**Task requirements**
Copy the listing below in full and skip every picture.

**Information provided**
◇ ◇ ◇ ◇ ◇

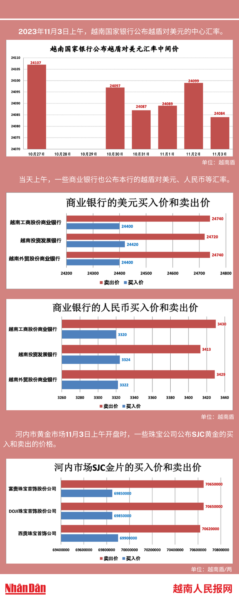 2023年11月3日上午,越南国家银行所公布的越盾对美元的中心汇率为24084。
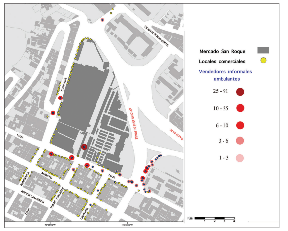 Para comprender el contexto comercial inmediato del mercado San Roque se realizó un levantamiento de datos en el que se observó una aglomeración marcada de personas y ventas en sus alrededores. En la figura 1 se observan los espacios que destacan con mayor aglomeración debido a la cantidad de ventas en la calle: el ingreso principal al mercado San Roque (puerta sur), la cercanía a la Plataforma Central Primero de Mayo (avenida Antonio José de Sucre), la circulación peatonal de la avenida Loja (este-oeste) y las calles transversales posteriores al mercado San Roque (Ambato, Abdón Calderón, Cumandá, Túpac Yupanqui y Cantuña). Se observa además que el comercio de ventas ambulantes tiene mayor presencia que el de locales formales, pues se registra un 60 % de vendedores en las calles frente a un 40 % de vendedores en locales.
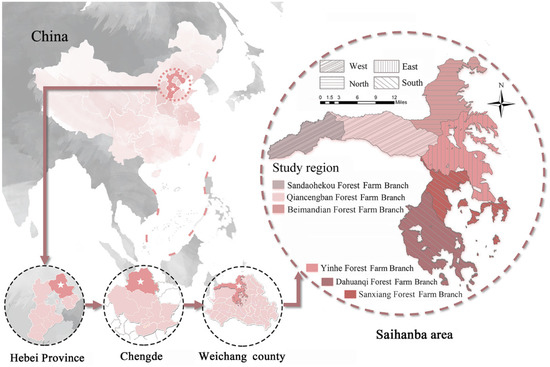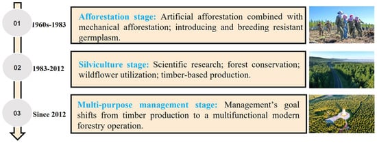 SHB Forest Farm is located in Weichang county, Chengde city, Hebei province, China (42°4′–42°36′ N, 116°53′–117°39′ E), on the southern edge of the Hunshandake Sandy Region in Inner Mongolia [35] (Figure 1). The study area includes six subfarms and 30 operational areas, covering approximately 933.33 km2. The elevation ranges from 1010 to 1940 m. The region has a typical semiarid and semihumid cold temperate continental monsoon climate with an average annual temperature of −2.7 °C and an average annual precipitation of 460.3 mm [36]. Over the past 50 years, the local government and forest managers of SHB have actively explored and implemented the restoration strategies of the “Integrated Management of Mountains, Water, Forests, Farmland, and Lakes”. It has continuously promoted the construction of key ecological projects, and the quality of the ecological environment has shown a trend toward stability and improvement. The deteriorating trend of various natural ecosystems has been basically curbed, and the ecological security barrier framework has been constructed [31]. Reviewing SHB’s development history (Figure 2), although significant ecological construction achievements have been made, continuing large–scale and high–density afforestation work due to the characteristics of artificial forest ecosystems and against the background of global climate change may lead to soil degradation and a decline in the water retention capacity of the ecosystem, posing many risks that could affect its future sustainable development.

◇ ◇ ◇ ◇ ◇

**Task output**
 2023年11月3日上午,越南国家银行所公布的越盾对美元的中心汇率为24084。
 Para comprender el contexto comercial inmediato del mercado San Roque se realizó un levantamiento de datos en el que se observó una aglomeración marcada de personas y ventas en sus alrededores. En la figura 1 se observan los espacios que destacan con mayor aglomeración debido a la cantidad de ventas en la calle: el ingreso principal al mercado San Roque (puerta sur), la cercanía a la Plataforma Central Primero de Mayo (avenida Antonio José de Sucre), la circulación peatonal de la avenida Loja (este-oeste) y las calles transversales posteriores al mercado San Roque (Ambato, Abdón Calderón, Cumandá, Túpac Yupanqui y Cantuña). Se observa además que el comercio de ventas ambulantes tiene mayor presencia que el de locales formales, pues se registra un 60 % de vendedores en las calles frente a un 40 % de vendedores en locales.
 SHB Forest Farm is located in Weichang county, Chengde city, Hebei province, China (42°4′–42°36′ N, 116°53′–117°39′ E), on the southern edge of the Hunshandake Sandy Region in Inner Mongolia [35] (Figure 1). The study area includes six subfarms and 30 operational areas, covering approximately 933.33 km2. The elevation ranges from 1010 to 1940 m. The region has a typical semiarid and semihumid cold temperate continental monsoon climate with an average annual temperature of −2.7 °C and an average annual precipitation of 460.3 mm [36]. Over the past 50 years, the local government and forest managers of SHB have actively explored and implemented the restoration strategies of the “Integrated Management of Mountains, Water, Forests, Farmland, and Lakes”. It has continuously promoted the construction of key ecological projects, and the quality of the ecological environment has shown a trend toward stability and improvement. The deteriorating trend of various natural ecosystems has been basically curbed, and the ecological security barrier framework has been constructed [31]. Reviewing SHB’s development history (Figure 2), although significant ecological construction achievements have been made, continuing large–scale and high–density afforestation work due to the characteristics of artificial forest ecosystems and against the background of global climate change may lead to soil degradation and a decline in the water retention capacity of the ecosystem, posing many risks that could affect its future sustainable development.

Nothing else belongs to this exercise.